The EWS cell lines TC71, SK-N-MC, EW8, and A673 express the EWS-FLI1 fusion protein (3436); ES8 was derived at St. Jude Children's Research Hospital and confirmed to contain the t(11;22) abnormality and express the EWS-FLI1 fusion.4

4S. Ragsdale, St Jude Children's Research Hospital, personal communication.

The rhabdomyosarcoma cell line RH30 was derived at St. Jude Children's Research Hospital from the bone marrow of a 16.5-year-old male patient with alveolar rhabdomyosarcoma; RH36 (embryonal) and RH41 (alveolar) are extensively characterized rhabdomyosarcoma cell lines incorporated into the National Cancer Institute–supported Pediatric Preclinical Testing Program (37); TE-32 is also an established model of rhabdomyosarcoma (38, 39). The neuroblastoma cell line JF was developed at St Jude Children's Research Hospital from a 1-year-old female patient with stage III-C neuroblastoma;4 SK-N-SH and NB1691 are established neuroblastoma cell lines (37, 40). Likewise, the cell lines U-2 OS, HOS, and MG-63 are well-known models of osteosarcoma (4143).

The cell lines U-2 OS, HOS, and MG-63 were obtained from the American Type Culture Collection. EW8, RH36, RH41, A673, SK-N-MC, SK-N-SH, and TE-32 were provided by Dr. Peter Houghton; TC71 was provided by Dr. Stephen Skapek; and NB-1691 was provided by Dr. Andrew Davidoff (all providers at St. Jude Children's Research Hospital). ES8, RH30, and JF were available from the St. Jude Children's Research Hospital tissue repository.

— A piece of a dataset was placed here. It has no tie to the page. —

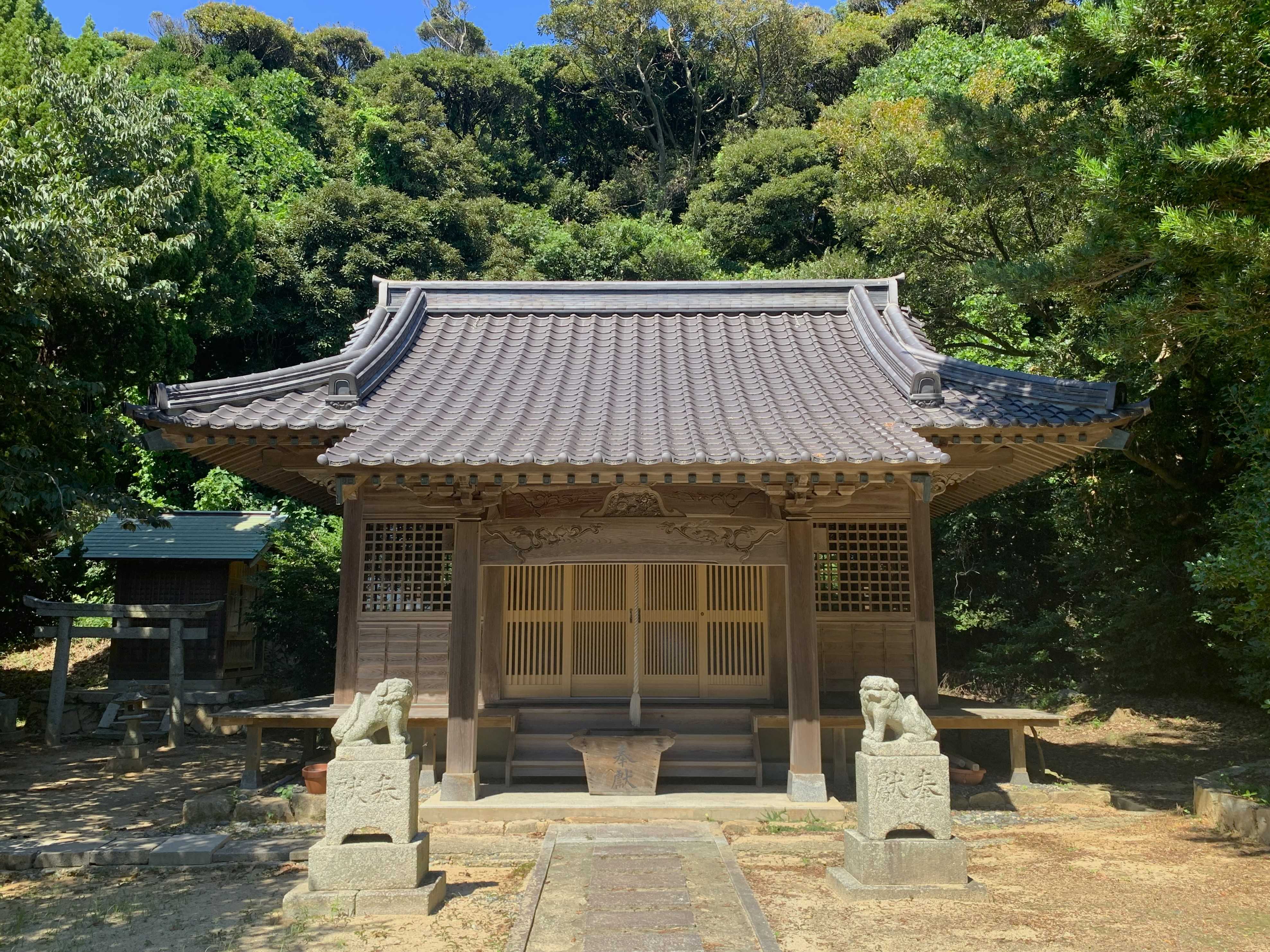 まず当日の限られた時間に向かったのは、同島の港湾に近い高台に鎮座する「蓋井八幡宮」であった。その当社本殿を正面から撮影した画像が上である。(当社祭神…八幡大神・神功皇后)

The osteosarcoma cell lines U-2 OS, HOS, and MG-63 were maintained in DMEM (Cellgro) supplemented with 10% fetal bovine serum (FBS; Atlanta Biologicals) and antibiotics. All other cells were maintained in RPMI 1640 (Invitrogen), also supplemented with 10% FBS and antibiotics. The expression of ligands for NK activating, inhibitory, and adhesion molecules was analyzed by staining with monoclonal antibodies and flow cytometry. Antibodies to human HLA-ABC (G46-2.6), MIC A/B (6D4), CD112 (R2.525), CD54 (LB-2), and CD58 (IC3) were obtained from BD Biosciences; CD155 (300907), ULBP-1 (170818), ULBP-2 (165903), ULBP-3 (166510), and CD48 (394307) were from R&D Systems; and HLA-E (3D12HLA-E) was from eBiosciences.

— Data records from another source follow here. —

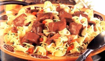 Combine all ingredients except noodles in CROCK-POT® slow cooker. Cover; cook on LOW 8 to 10 hours. Serve over noodles.
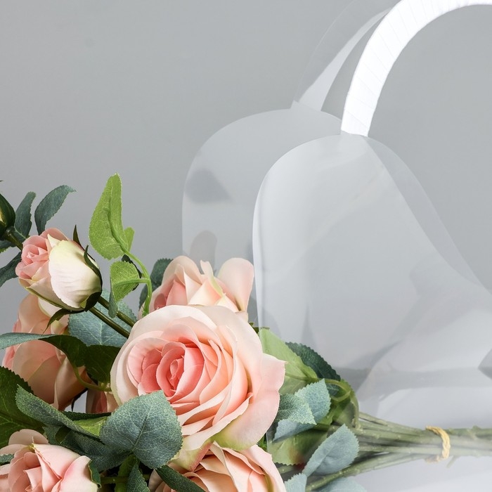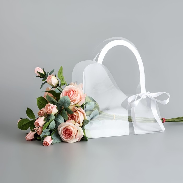 Изготовленная из высококачественного прозрачного пластика, эта сумка подчёркивает красоту растений, создавая прозрачную витрину для их изысканных форм и цветов.
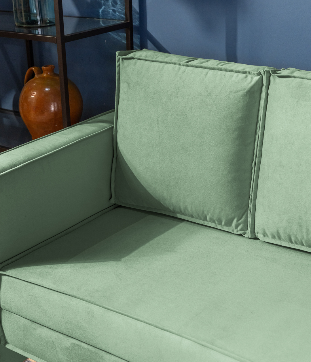 Диван Рино станет стильным акцентом вашего интерьера. Его приятная велюровая обивка не только радует глаз, но и проста в уходе. Четкие формы дивана подчеркиваются изысканным декором в виде вывернутых швов, что добавляет ему уникальности, а наличие спального места делает этот диван но только комфортным, но и функциональным предметом интерьера.
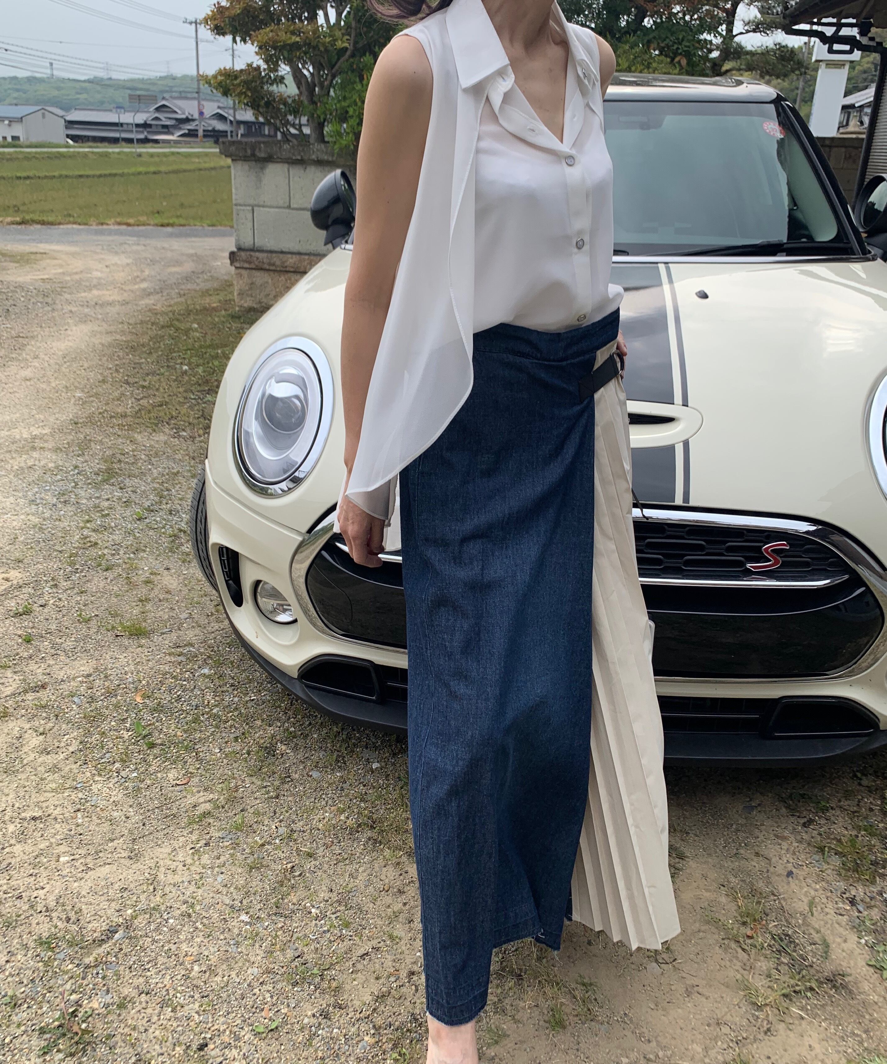 デニム✖️ギャザー異素材ドッキングワイドパンツ

NK cell activation and expansion

The K562-mb15-41BBL cell line was made as previously described (31). Briefly, K562 cells were first transduced with a construct encoding the “membrane-bound” form of interleukin (IL)-15 [IL-15 plus CD8α and green fluorescent protein (GFP)]. Cells with high expression of GFP and of surface IL-15 (“K562-mb15”) were then transduced with human 4-1BB ligand. We transduced the ES8, TC71, and EW8 cell lines with a murine stem cell virus internal ribosome entry site GFP retroviral vector (from the St. Jude Vector Development and Production Shared Resource) containing the firefly luciferase gene (gift of Dr. K. Mihara, University of Hiroshima, Hiroshima, Japan). Transduced cells were selected for their expression of GFP with a MoFlo Cell Sorter (Cytomation).

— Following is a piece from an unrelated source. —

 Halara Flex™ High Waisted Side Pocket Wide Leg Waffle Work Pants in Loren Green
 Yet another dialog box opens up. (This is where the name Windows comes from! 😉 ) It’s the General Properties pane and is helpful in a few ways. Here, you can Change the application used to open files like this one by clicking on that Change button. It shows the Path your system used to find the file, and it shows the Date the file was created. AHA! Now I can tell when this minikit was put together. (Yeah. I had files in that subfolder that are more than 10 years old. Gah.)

Peripheral blood samples were obtained from healthy adult donors. Mononuclear cells collected from the samples by centrifugation on a Lymphoprep density step (Nycomed) were washed twice in RPMI 1640. To obtain primary NK cells, we used peripheral blood mononuclear cells and the Miltenyi NK Cell Isolation kit (Miltenyi Biotec).

Peripheral blood mononuclear cells (1.5 × 106) were incubated in a 24-well tissue culture plate with 1 × 106 K562-mb15-41BBL cells in the presence of 10 IU/mL human IL-2 (National Cancer Institute BRB Preclinical Repository) in RPMI 1640 and 10% FBS. Medium was exchanged every 2 days with fresh medium and IL-2. After 7 days of coculture, residual T cells were removed with Dynabeads CD3 (Invitrogen).

Cytotoxicity assays

Target cells were suspended in RPMI 1640 tissue culture medium with 10% FBS, labeled with calcein AM, and plated in triplicate onto 96-well flat-bottomed plates (Costar). The plates were placed in an incubator set at 37°C and 5% CO2 for 4 hours to allow for cell attachment. Expanded NK cells suspended in RPMI 1640 with 10% FBS and 100 IU/mL IL-2 were then added at various E:T ratios as indicated in Results. The plates were then centrifuged and incubated as above for various time periods as indicated in Results. Cells were then detached using trypsin plus EDTA and stained with propridium iodide. Cytotoxicity was measured with a flow cytometry–based method, enumerating the number of viable target cells (calcein AM positive, propidium iodide negative, and with light scattering properties of viable cells) in cultures with and without NK cells (32, 44).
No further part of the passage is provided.